В Бирмингеме по городу носился холодный ветер, швыряя пригоршни дождя в окна квартиры Бена Гарвальда, расположенной над гаражом в Солтли. В шелковом халате, с шарфом на шее, с аккуратно расчесанными темными вьющимися волосами, он являл собой представительную фигуру, а сломанный нос придавал ему какое-то грубое величие. При ближайшем рассмотрении наружность его оказывалась не столь приятной: на мясистом лице с заносчивым выражением ясно проступали следы разгульного образа жизни.
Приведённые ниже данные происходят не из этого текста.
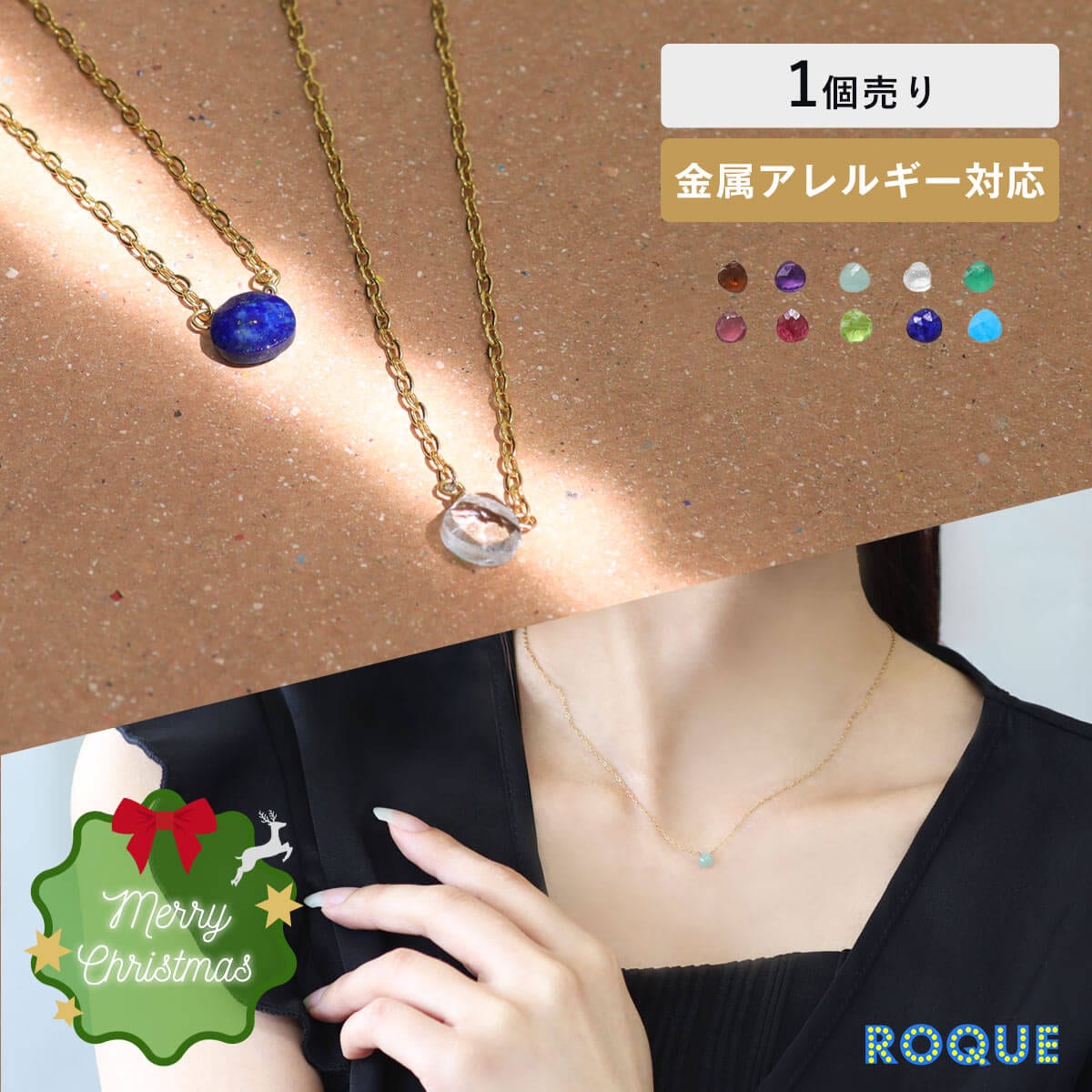 金属アレルギー対応 天然石 カラー ネックレス ステンレス製(1個売り)◆オマケ革命◆
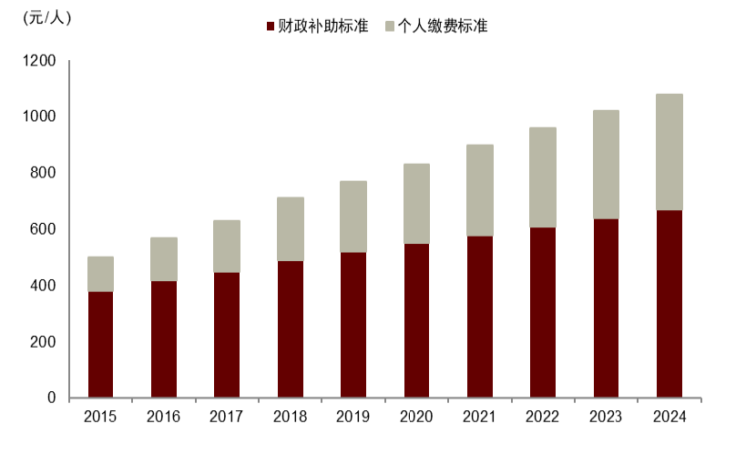 注:2024年居民医保的个人缴费标准尚未发布,我们暂以往年涨幅做外推估算

Но в это утро его лицо выражало еще и досаду на весь мир. Накануне, в одиннадцать тридцать вечера, одно из его коммерческих предприятий — маленький нелегальный игорный клуб — в доме на безусловно респектабельной улице в Астоне было захвачено бирмингемской полицией. Это не грозило арестом лично Гарвальду. Для чего же тогда платил он подставному лицу, которое знало, что о нем позаботятся. Гораздо более серьезной потерей были три с половиной тысячи фунтов на игральных столах, конфискованные полицией.
Кухонная дверь широко распахнулась, и вошла молоденькая девушка лет семнадцати-восемнадцати. На ней был розовый кружевной халатик, ее крашенные перекисью волосы всклокочены, лицо покрыто пятнами, а глаза распухли от слез.
— Вам еще что-нибудь дать, мистер Гарвальд? — тихо спросила она.
— Дать? — воскликнул он. — Это здорово. Это дьявольски здорово, если принять во внимание, что ты мне вообще ни черта не давала еще.
Он говорил с ней, не оборачиваясь, и с интересом следил за человеком на мотоцикле, который въехал во двор и поставил мотоцикл около одного из грузовиков.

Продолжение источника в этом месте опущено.